TEMPO.CO, Jakarta - Alergi adalah respons sistem imunitas tubuh yang bekerja secara berlebihan untuk melawan alergen atau zat pemicu alergi yang masuk ke dalam tubuh. Jumlah kasus alergi pada anak terus meningkat dua dekade terakhir. Majalah Parents terbitan Amerika Serikat menyebut, satu dari 13 anak sekarang terindikasi alergi makanan. Ini berarti terjadi peningkatan 100 persen dibanding 15 tahun lalu.
Reaksi alergi pada anak beragam, mulai yang ringan, seperti gatal-gatal di mulut, di badan, atau sakit perut. Namun 40 persen mengalami gejala alergi berat, seperti ruam di kulit, gatal yang teramat sangat, batuk pilek, muntah, detak jantung tidak normal, hingga sesak napas.
Alergi bisa disebabkan oleh faktor keturunan. Bila ditemukan riwayat alergi pada ibu dan ayah, anak berpeluang 80 persen mengalami alergi. Risiko alergi menurun hingga 40 persen jika hanya salah satu orang tua yang membawa riwayat alergi. Namun alergi tetap bisa terjadi pada anak dengan orang tua yang bahkan tidak memiliki riwayat alergi.
Sebenarnya alergi dapat dihindari sejak sang anak masih dalam kandungan. Sayangnya, banyak mitos dan pengetahuan lama yang sebenarnya memicu alergi. Para ilmuwan telah memaparkan teori baru mengenai cara mencegah alergi sedini mungkin.

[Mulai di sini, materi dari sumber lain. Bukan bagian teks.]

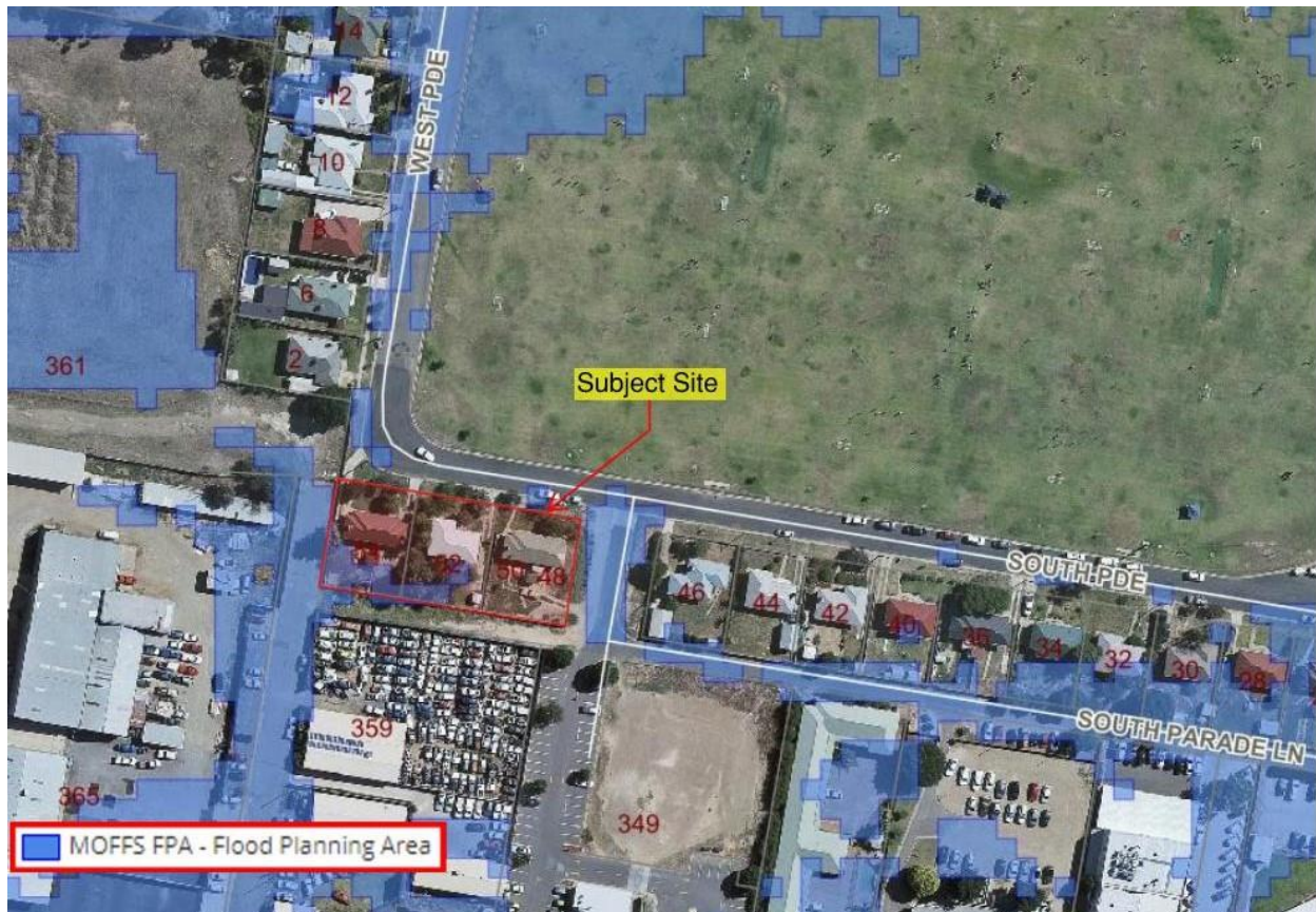
Figure 1-2 Wagga Wagga MOFFS Flood Planning Area

The purpose of this report is to summarise the mitigation measures that have been considered for this development to manage the impact of the flooding and ensure the safety of the occupants of the proposed development in accordance with Clause 5.21 of the Wagga Wagga Local Environmental Plan 2010 (LEP).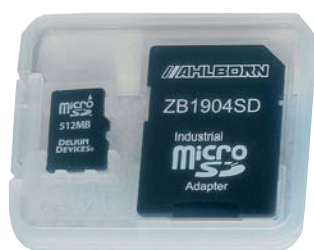
Micro-SD memory card (as replacement)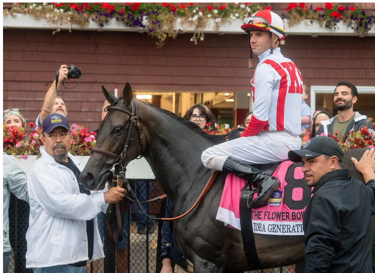
Idea Generation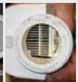
Swimming pool filter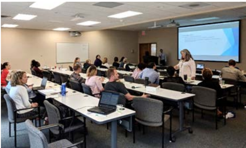
Pictured: Stakeholders convene at the Michigan Public Health Institute in Okemos for the 2018 Viral Hepatitis Stakeholder Forum

For those who were unable to attend, meeting handouts, PowerPoint slides, and a recording of the event are available here and through www.mi.gov/hepatitis . If you are interested in attending the 2019 Viral Hepatitis Stakeholder Forum, please forward your name and e-mail address to MDHHS-Hepatitis@michigan.gov to be added to the invitation list. We hope you can join us next year!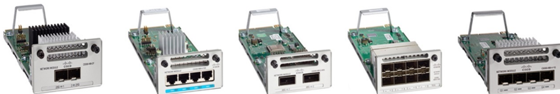
Figure 3. Cisco Catalyst 9300 Series Network Modules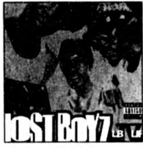
Lost Boyz "LB IV LIFE" Grade: B+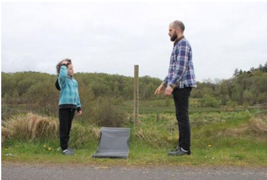
Figure 3: Experiment #2, The Eile Project, 2017 [by a place of their own]

The subsequent Experiment #3, included a site-based performance / spatial intervention on the River Erne and in a disused former RUC barracks. Out of this performance / intervention emerged a film, The Territories of Eile , in which the central character of Eile is captured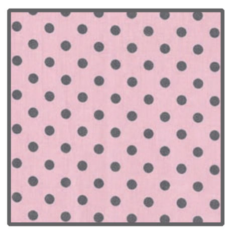
CX2490 Blossom Dumb Dot 1/4 yard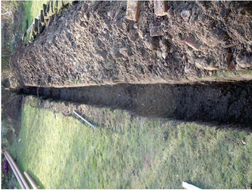
Plate 5. Service Trench. Facing West.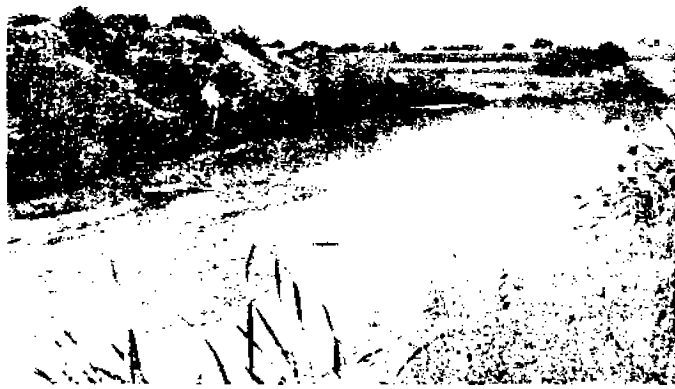
Figure 5. This sediment basin was constructed on a farm drain.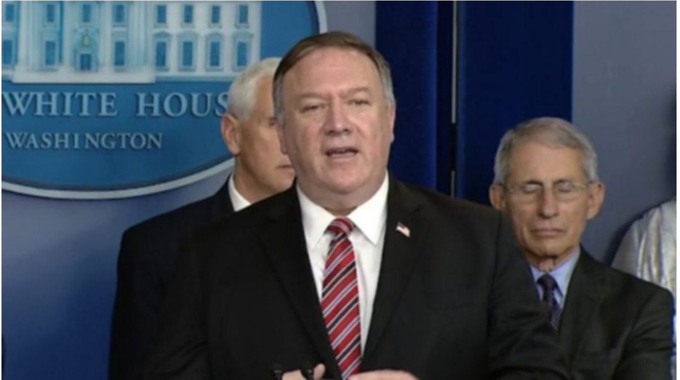
US Secretary of State Mike Pompeo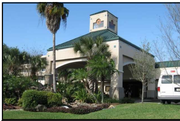
Holiday Inn Altamonte Springs

The Convention Committee has finalized the details for the 45th Annual Florida State Convention. This year, the Convention is going to be at the Holiday Inn at 230 West State Road 436 Altamonte Springs, which is located at Interstate 4 and West State Highway 436 at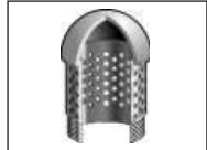
W-31-PERF and F1830-PD-3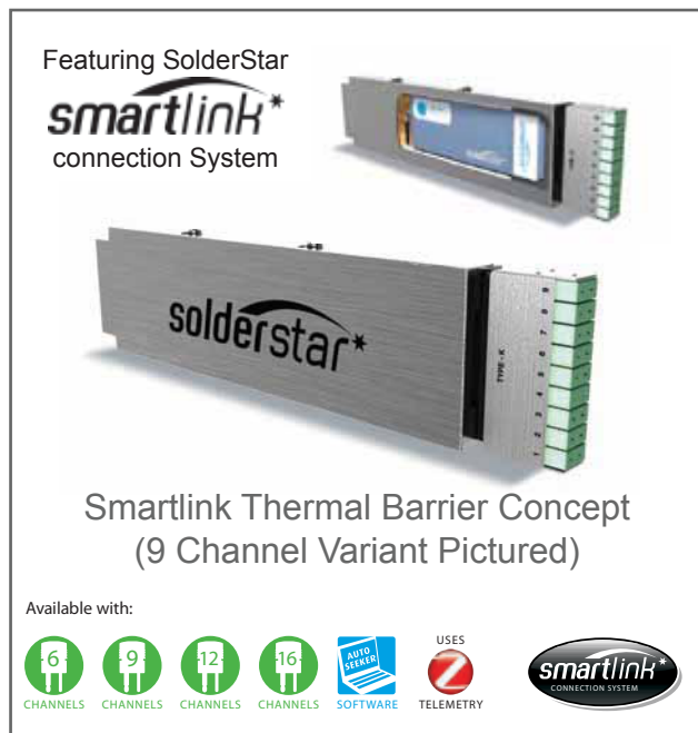
Miniature Profiling Datalogger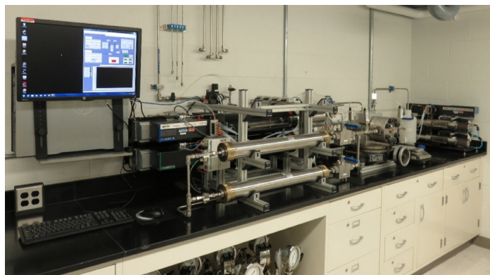
Figure 1. Borehole Simulator Apparatus.

This work advances the DOE/FE/NETL mission of ensuring the safe, efficient, and economic use of our fossil energy resources. Because of the project, the public will benefit from advances in the science-base for understanding well system barrier performance, open-source tools that stakeholders can use to simulate key processes that affect offshore well integrity, and innovative materials that can be used to reduce the risk of well integrity loss in the barrier system.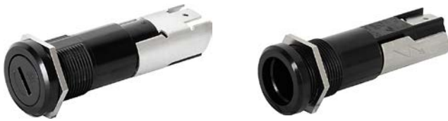
Socket with mounted Cap. Caps see required accessory

FUL, Shock-Safe Fuseholder, 5 x 20 / 6.3 x 32 mm, Slot Knob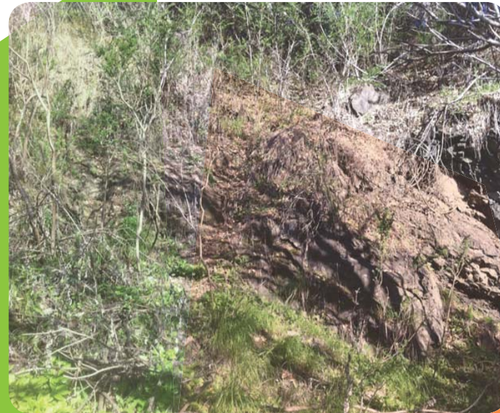
Alto Tunnel south portal.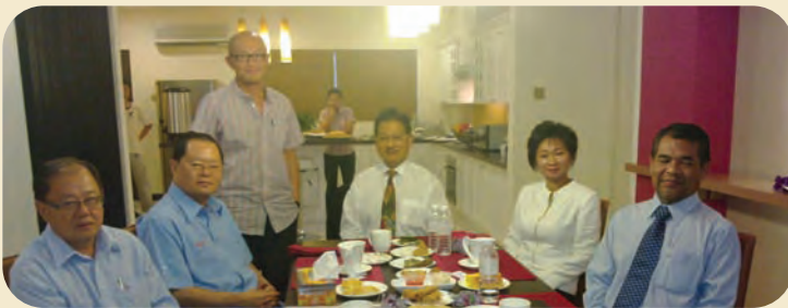
Visit by the Board Members to the apartments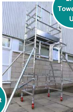
2.1m Tower Set Up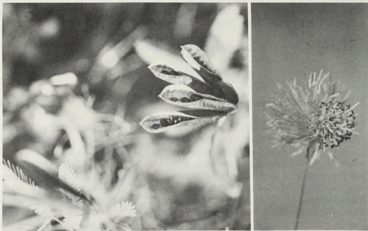
Plate 1. Neptunea plena (L.) Bth. Mature pods and seeds; insert: mature inflorescence with staminodes, and staminate and bisexual flowers.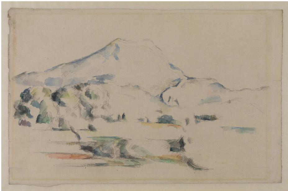
Paul Cézanne, La Montagne Saint-Victoire, 1885-1887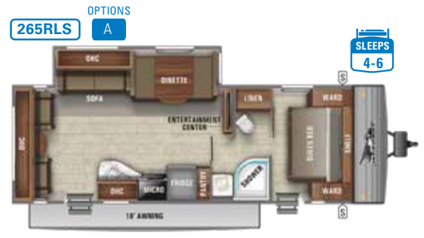
Ext. Lgth: 31' 1" Weight: 6,110 lbs. Hitch: 710 lbs.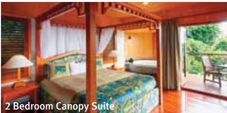
2 Bedroom Canopy Suite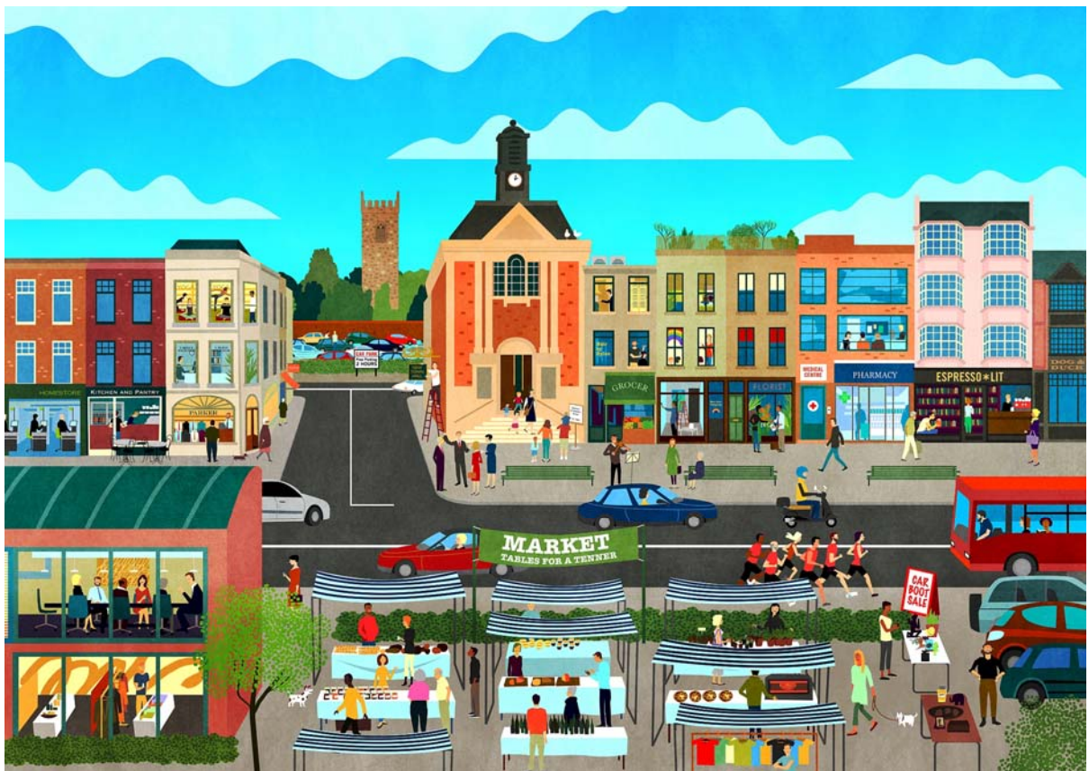
Illustration by Dermott Flynn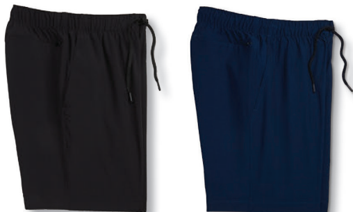
9 | 30703 black logo _____

Fabric: 87% polyester, 13% spandex Size: S-XXL

Apa saja?
1. Makan apa saja selama hamil
Dulu dokter menyarankan ibu hamil menghindari makanan yang dapat memicu alergi, seperti ikan, telur, daging, dan kacang-kacangan. Namun saran ini telah dibantah para ilmuwan di Amerika Serikat yang merekomendasikan ibu hamil banyak mengkonsumsi makanan dengan gizi seimbang. Bahkan dikatakan para ibu bisa menurunkan risiko alergi pada bayi dengan pola makan yang terdiri atas banyak sayuran, ikan, lemak tak jenuh, minyak zaitun, dan kacang-kacangan.
Intinya, asupan gizi yang seimbang. “Pemaparan dini (terhadap makanan-makanan itu) akan memberikan keuntungan yang dapat melindungi janin, meski masih diperlukan penelitian lebih lanjut untuk membuktikan ini,” kata Kari Nadeau, MD, profesor alergi dan imunologi di Sekolah Kedokteran Universitas Stanford, California, Amerika Serikat.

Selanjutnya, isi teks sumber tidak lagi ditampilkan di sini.